EXERCISE OBJECTIVE:
Could you copy each line of the entries that contains "Passeig"?
━━━ TASK DATA ━━━
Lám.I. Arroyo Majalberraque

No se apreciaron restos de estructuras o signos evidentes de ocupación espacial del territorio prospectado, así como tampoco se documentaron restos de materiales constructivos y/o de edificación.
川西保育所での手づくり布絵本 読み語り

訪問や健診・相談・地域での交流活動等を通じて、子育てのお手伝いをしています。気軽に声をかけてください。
━━━
━━━ TASK DATA ━━━
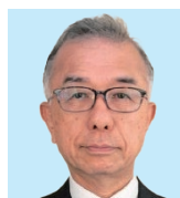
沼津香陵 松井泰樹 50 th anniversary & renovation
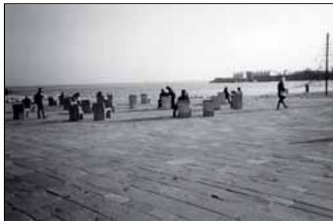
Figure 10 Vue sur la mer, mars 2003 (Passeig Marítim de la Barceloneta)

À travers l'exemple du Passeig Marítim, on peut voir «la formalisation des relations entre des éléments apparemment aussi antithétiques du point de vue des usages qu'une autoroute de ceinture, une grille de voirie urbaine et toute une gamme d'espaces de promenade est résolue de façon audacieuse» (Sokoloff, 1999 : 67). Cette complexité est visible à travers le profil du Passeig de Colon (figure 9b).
━━━
━━━ TASK DATA ━━━
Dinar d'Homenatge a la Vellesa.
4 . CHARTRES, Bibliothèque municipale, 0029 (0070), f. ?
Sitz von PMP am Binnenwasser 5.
━━━
SOLUTION TO THIS PROBLEM:
Figure 10 Vue sur la mer, mars 2003 (Passeig Marítim de la Barceloneta)
À travers l'exemple du Passeig Marítim, on peut voir «la formalisation des relations entre des éléments apparemment aussi antithétiques du point de vue des usages qu'une autoroute de ceinture, une grille de voirie urbaine et toute une gamme d'espaces de promenade est résolue de façon audacieuse» (Sokoloff, 1999 : 67). Cette complexité est visible à travers le profil du Passeig de Colon (figure 9b).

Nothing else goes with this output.